Before: GADOLA, C.J., and BOONSTRA and SWARTZLE, JJ.

PER CURIAM.

Defendants lived in Hamburg Township and used a private dirt road, Island Shore Drive, to travel east from M-36 to their home. While traveling to and from their home, defendants used the portion of Island Shore Drive that runs through plaintiffs’ parcels of property. Plaintiffs brought claims against defendants to quiet title and for trespass, alleging that defendants’ frequent travel over Island Shore Drive caused damage to the portion of the road that they own in fee simple. Defendants claimed that they had a prescriptive easement across plaintiffs’ parcels, which permitted them to use Island Shore Drive. Plaintiffs now appeal by right the trial court’s order and judgment that defendants have a prescriptive easement and plaintiffs have no causes of action. We affirm.

I. BACKGROUND

Plaintiff Mary Ann Lamkin has been in a “decades-long struggle with her neighbors and elected officials in Hamburg Township, Livingston County, regarding the use of plaintiff’s and her neighbor’s properties.” Lamkin v Hamburg Twp Bd of Trustees, unpublished per curiam opinion of the Court of Appeals, issued November 19, 2020 (Docket Nos. 347064 and 347744), p 2. In a case similar to the one at hand, plaintiffs sued some of their neighbors to the east, like defendants, that used Island Shore Drive; several judicial opinions in the case of Lamkin v Hartmeier provide more details of the historical background of this neighborhood. See Lamkin v Hartmeier, unpublished per curiam opinion of the Court of Appeals, issued September 1, 2016 (Docket No. 326986) (Hartmeier I), pp 1-2; Lamkin v Hartmeier, unpublished per curiam opinion of the Court of Appeals, issued September 17, 2019 (Docket No. 326986) (Hartmeier II), pp 2-3;

-1- Lamkin v Hartmeier, unpublished per curiam opinion of the Court of Appeals, issued February 8, 2024 (Docket No. 326986) (Hartmeier III), p 2.

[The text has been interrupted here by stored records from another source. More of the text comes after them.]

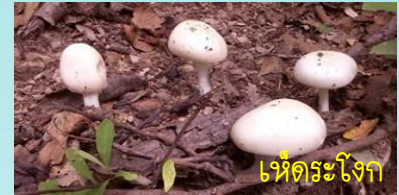
เห็ดระโงก
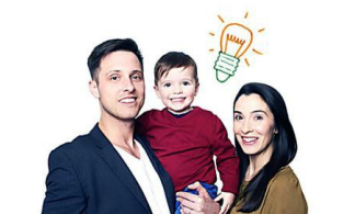
Offre électricité verte E.Leclerc : comment ça marche ? (Energies E.Leclerc)
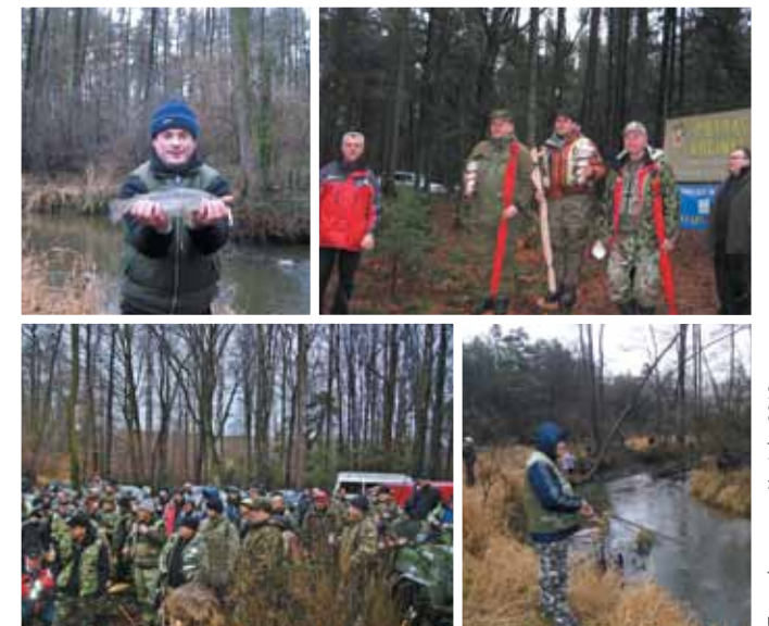
Zawody pstrąg - Kocinka 2012
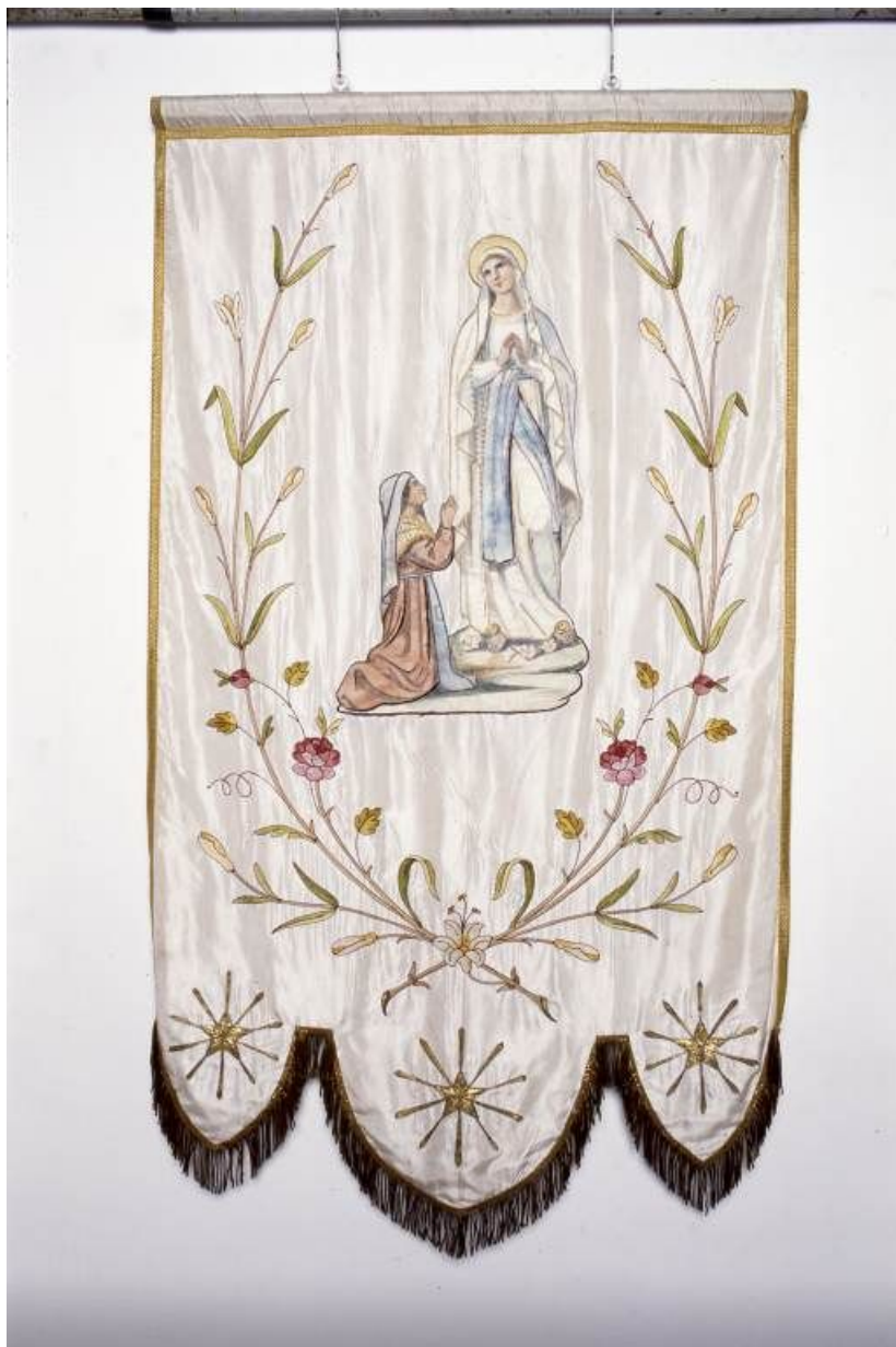
Bannière de Notre-Dame de Lourdes

In this case, Richard and Patricia Goss, as trustees, sold their parcel on Island Shore Drive to defendants in 2017, after defendants paid off a 2015 land contract. When their family owned the parcel, the Gosses used Island Shore Drive to visit between two and eight times a year since at least the 1960s and would hunt, fish, and picnic on the land. When the Gosses sold the parcel to defendants, they intended the transfer to include access along Island Shore Drive. Before the sale, defendants had used Island Shore Drive and were familiar with the area. In addition, they were informed by the Gosses that they were to access the parcel via Island Shore Drive, the only way to access the property.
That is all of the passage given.